Is there a python module that will do a waterfall plot like MATLAB does? I googled 'numpy waterfall', 'scipy waterfall', and 'matplotlib waterfall', but did not find anything.
You can do a waterfall in matplotlib using the PolyCollection class. See this specific example to have more details on how to do a waterfall using this class.
Also, you might find this blog post useful, since the author shows that you might obtain some 'visual bug' in some specific situation (depending on the view angle chosen).
Below is an example of a waterfall made with matplotlib (image from the blog post):
(source: austringer.net)
Have a look at mplot3d:
# copied from
# http://matplotlib.sourceforge.net/mpl_examples/mplot3d/wire3d_demo.py
from mpl_toolkits.mplot3d import axes3d
import matplotlib.pyplot as plt
import numpy as np
fig = plt.figure()
ax = fig.add_subplot(111, projection='3d')
X, Y, Z = axes3d.get_test_data(0.05)
ax.plot_wireframe(X, Y, Z, rstride=10, cstride=10)
plt.show()
I don't know how to get results as nice as Matlab does.
If you want more, you may also have a look at MayaVi: http://mayavi.sourceforge.net/
The Wikipedia type of Waterfall chart one can obtain also like this:
import numpy as np
import pandas as pd
def waterfall(series):
df = pd.DataFrame({'pos':np.maximum(series,0),'neg':np.minimum(series,0)})
blank = series.cumsum().shift(1).fillna(0)
df.plot(kind='bar', stacked=True, bottom=blank, color=['r','b'])
step = blank.reset_index(drop=True).repeat(3).shift(-1)
step[1::3] = np.nan
plt.plot(step.index, step.values,'k')
test = pd.Series(-1 + 2 * np.random.rand(10), index=list('abcdefghij'))
waterfall(test)
I have generated a function that replicates the matlab waterfall behaviour in matplotlib.
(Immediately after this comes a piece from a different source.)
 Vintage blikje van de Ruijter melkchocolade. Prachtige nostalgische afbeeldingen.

That is:
It generates the 3D shape as many independent and parallel 2D curves
Its color comes from a colormap in the z values
I started from two examples in matplotlib documentation: multicolor lines and multiple lines in 3d plot. From these examples, I only saw possible to draw lines whose color varies following a given colormap according to its z value following the example, which is reshaping the input array to draw the line by segments of 2 points and setting the color of the segment to the z mean value between these 2 points.
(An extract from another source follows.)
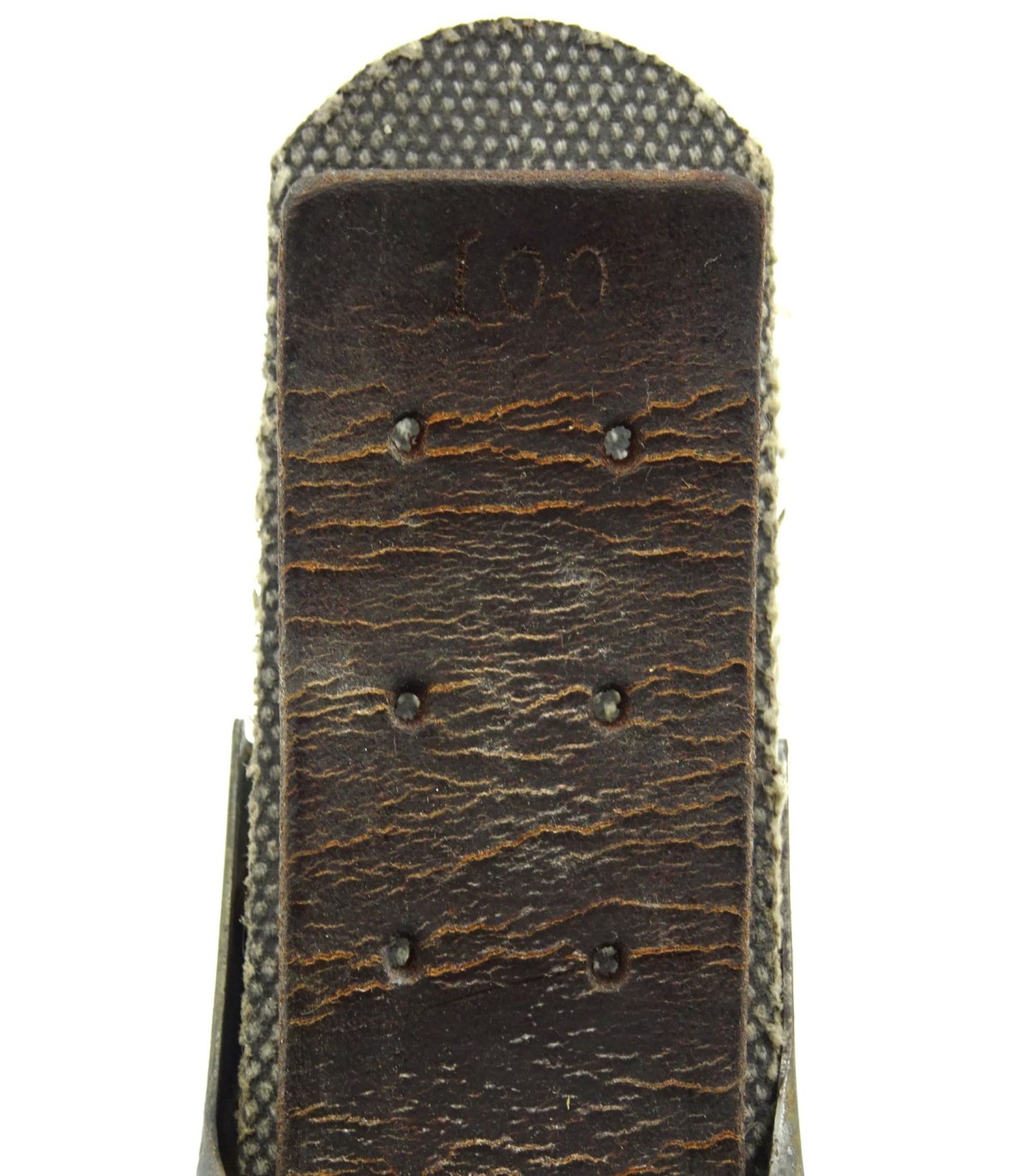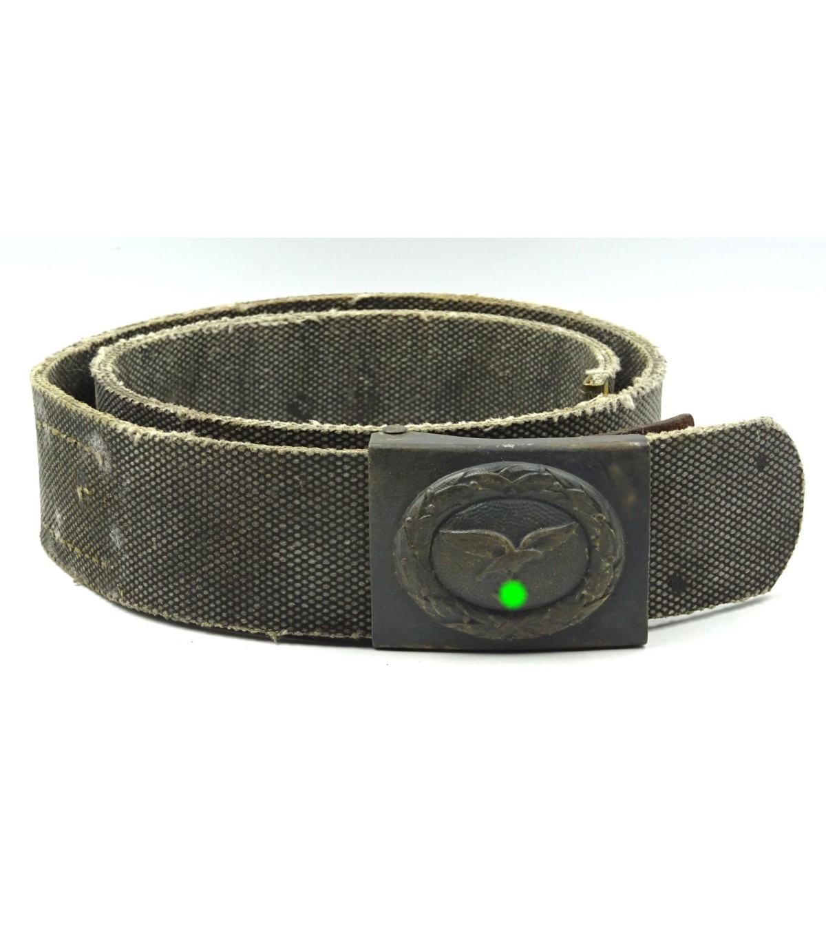 Boucle acier 2e modèle, peinture gris-LW à 80-90%, avec languette toile. Ceinturon toile gris-LW fin de guerre, longueur 100cm. Rare. BE-TBE.

Thus, given the input matrixes n,m matrixes X,Y and Z, the function loops over the smallest dimension between n,m to plot each of the waterfall plot independent lines as a line collection of the 2 points segments as explained above.
def waterfall_plot(fig,ax,X,Y,Z,**kwargs):
'''
Make a waterfall plot
Input:
fig,ax : matplotlib figure and axes to populate
Z : n,m numpy array. Must be a 2d array even if only one line should be plotted
X,Y : n,m array
kwargs : kwargs are directly passed to the LineCollection object
'''
# Set normalization to the same values for all plots
norm = plt.Normalize(Z.min().min(), Z.max().max())
# Check sizes to loop always over the smallest dimension
n,m = Z.shape
if n>m:
X=X.T; Y=Y.T; Z=Z.T
m,n = n,m
for j in range(n):
# reshape the X,Z into pairs
points = np.array([X[j,:], Z[j,:]]).T.reshape(-1, 1, 2)
segments = np.concatenate([points[:-1], points[1:]], axis=1)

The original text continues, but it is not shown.